[Stored data]
BEGIN
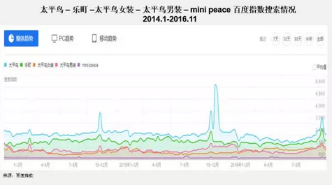 通过百度搜索指数可以看到,从2014年到今年,太平鸟、乐町、太平鸟女装、太平鸟男装、mini peace等品牌均会在双十一前后达到搜索强高峰,太平鸟集团在引流和互动效果上可谓十分显著。
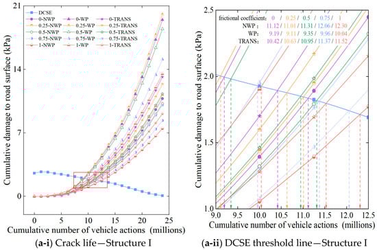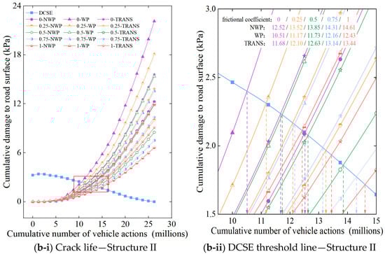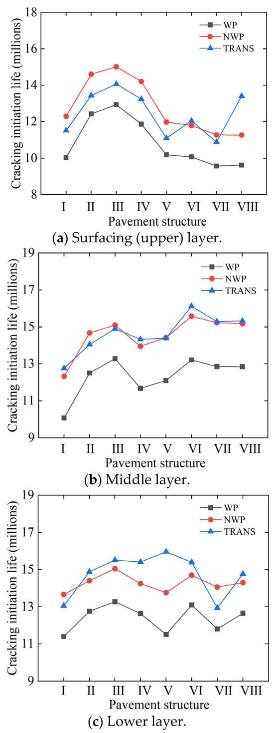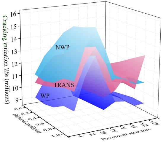 Computational results show that under different pavement structures, the crack initiation trend of the TDC in the surfacing (upper) layer is basically consistent with the results of the previous calculations. That is, under different interlayer states, the cracks are still being generated in the WP zone first, and the poorer the interlayer bonding condition, the smaller the crack initiation life is. With the gradual deterioration of the interlayer bonding state (i.e., the friction coefficient regressing towards zero), the degree of decay in the crack initiation life gradually increased and reached a peak reduction when full interlayer failure (i.e., complete debonding) occurred. This is partly due to the tensile stress distribution within the pavement structure being closer when the layers are partially and/or fully bonded. However, when the layers are fully debonded, the respective peaks of both the tensile and shear stresses within the pavement structure increase sharply at localized points—ultimately leading to rapid failure [21]. Therefore, based on the deduced mechanisms of TDC, the crack initiation life in the surfacing (upper) layer of the pavement structure correspondingly decreases when the interlayer bonding state between layers deteriorates.
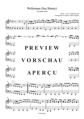 Wellermann Sea Shanty - Sheet Music for piano easy Traditional/Nathan Evans (Akiko Inagawa)
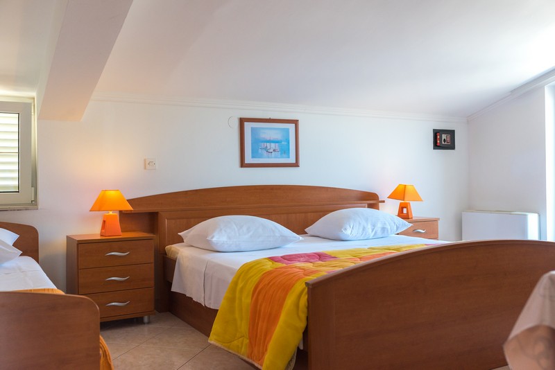 Studio apartman 12 je tip studija 2+1. Nalazi se na trećem katu, a sastoji se od bračnog kreveta i kreveta za jednu osobu, kuhinje, kupaonice i balkona s kojeg se vidi more. Kuhinja je opremljena posuđem za kuhanje i posluživanje.
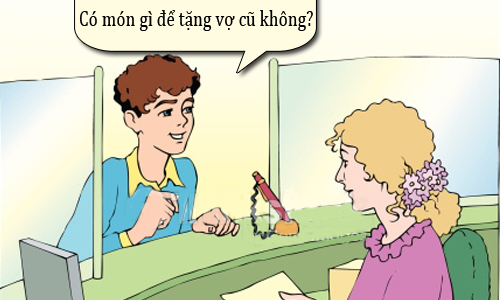 - Anh muốn tặng cho vợ hay bạn gái ạ? Anh cứ yên tâm, cửa hàng chúng em có đến hàng trăm sản phẩm, anh muốn mua gì cũng có cả.
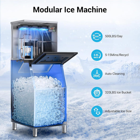 500LBS/24H Commercial Ice Machine Maker, 320LBS Capacity Large Industrial Ice Maker, Clear Ice Cubes Ready in 5-15min, Micron Water Purification Filter 99% impurities, for Cafe, Bar
END
Work task
Only exact duplicates of the lines from the one containing "- Anh muốn tặng" through the final line of the entries, both included, are needed, with pictures left out.

Finished task
 - Anh muốn tặng cho vợ hay bạn gái ạ? Anh cứ yên tâm, cửa hàng chúng em có đến hàng trăm sản phẩm, anh muốn mua gì cũng có cả.
 500LBS/24H Commercial Ice Machine Maker, 320LBS Capacity Large Industrial Ice Maker, Clear Ice Cubes Ready in 5-15min, Micron Water Purification Filter 99% impurities, for Cafe, Bar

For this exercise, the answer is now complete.